L’Imperial War Museum britannico ha organizzato una mostra sull’eredità delle Guerre del Merluzzo. Ma in che senso Islanda e Gran Bretagna combatterono delle guerre per il merluzzo?
Lo stesso museo lo spiega in un video, ma si può leggere un riassunto della vicenda anche su Atlas Obscura e su Iceland Review. A partire dagli anni ’50 del Novecento, per tutelare la propria industria della pesca, l’Islanda estese ripetutamente i confini delle proprie acque territoriali, impedendo ai pescherecci stranieri di pescare entro 4, 12, 50, e infine 200 miglia dalle proprie coste. A essere colpiti furono principalmente i Britannici, che si rifornivano in zona della materia prima del fish and chips. La Royal Navy fu mandata perciò a proteggere i propri pescherecci, ma la guardia costiera islandese non rinunciò per questo ad aggredirli, anche con spari e speronamenti. Nel corso della seconda guerra (1972-73) gli Islandesi ricorsero anche a dei tagliareti, che procurarono grandi danni economici agli avversari. Soprattutto, minacciando di lasciare la NATO (nella quale la loro posizione strategica era fondamentale), misero pressione diplomatica su Londra, che ogni volta fu costretta ad accettare la situazione.

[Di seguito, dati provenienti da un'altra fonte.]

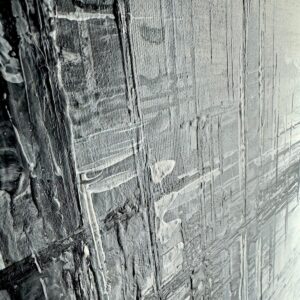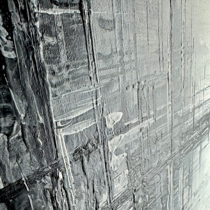 Obraz pionowy na korytarz “Zapomniany świat” abstrakcja 2204A wyróżnia się mglistym spojrzeniem na architekturę. To piękny delikatny obraz w odcieniach szarości z czarnym passe partout imitującym rame

L’industria della pesca inglese andò in declino, ma anche quella islandese dovette presto affrontare problemi molto gravi di sovrapesca. Oggi le guerre del merluzzo sono ancora studiate da analisti militari, ma sono ricordate senza astio, come riporta la mostra:
Through this project, the fishermen of both countries were allowed to share their lived memories. There was no sense of blame but a strong one of comradeship, some regret and sadness, but joint reconciliation between UK and Icelandic fishermen and joint respect for the sea. Both sides knew how overfishing would affect the industry and subsequently each country’s fishing port community, and they knew there was only going to be one winner, with the blame for how this was handled lying to the politicians of the time.